Nazar’s second album, Demilitarize follows his remarkable 2020 debut Guerrilla, which was released just as Covid started to lock down the world. That first album reprocessed kuduro music from Angola with rough textures, field recordings and media clips, re-telling Nazar’s personal story of the civil war that exiled his family in Europe, while his father, a rebel General, fought a losing battle in the jungle back home.

After Guerrilla, and in the early throes of a new and important romance, Nazar was hit by Covid and with a weakened immune system, the latent tuberculosis he’d incubated while living in Angola, took over his body and left him seriously ill for a year. Reckoning with mortality and the flowering of new love are the two things that motivated this album, turning the ‘rough kuduro’ of Guerrilla inside out.

Like his debut, this is a deep sound world, but in contrast to its grit and realness, Demilitarize is genuinely dreamy. The arc of the album describes shedding the armour of trauma and surrendering to this new situation. A constant and unexpected aspect of Demilitarize is Nazar’s gentle, submerged vocal. Insistent and mantra-like, it’s like a cross between Elisabeth Frazer, Arthur Russell and Frank Ocean, and the music is fragile and opaque in response.

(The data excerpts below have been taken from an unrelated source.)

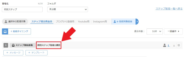 アップデートにより、ステップ配信内の各配信メッセージに対して管理名を付けられるようになりました。
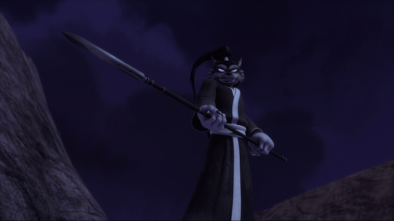 à son tour le long de la paroi, il retrouvait ses frères en contrebas et pleurait au chevet de leur corps sans vie. Puis de rage, il saisissait son sabre pour livrer à un combat mortel face à un Jei quasi-invulnérable. Il avait beau essayer ses plus difficiles coups, le loup le surpassait à chaque instant jusqu’à le jeter au sol. Brandissant sa lance, Leonardo s’attendait à connaître le même sort que ses frères.
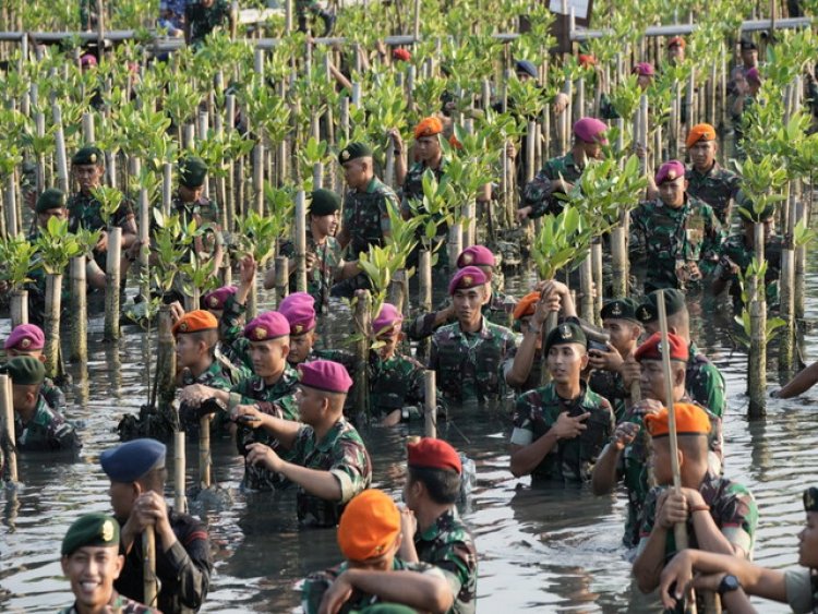 "Penanaman secara serentak yang dilaksanakan dari Sabang sampai Merauke bertujuan agar laut menjadi subur dan terhindar dari abrasi serta menyebarluaskan dan memberi contoh bahwa kita juga mampu melaksanakan penanaman mangrove tersebut," ujar Panglima TNI.
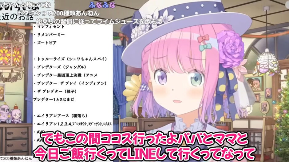 姫森ルーナさんは配信の中で、「この間ココス行ったよ、パパとママと」と、家族3人での外食を楽しそうに報告しました。

Nazar says – ‘With the album being introspective, I didn’t seek to capture sounds from real places to enhance it’s universe like on Guerilla. I wanted to make it almost metaphysical like creating sci-fi, with classic cyberpunk anime ‘Ghost In The Shell’ being a core inspiration.’ The rhythms of kuduro are still here, but move around his voice like fish around a swimmer. The precise sound design on Demilitarize illuminates from different angles. Chords spiral, ripple and shoot through the beats giving tracks the loosest of settings. Songs disassemble and vocals float off-centre.

Demilitarize insists you zoom in, listen closely, tune into Nazar’s rare vibration. Let it overwhelm you, while paying close attention.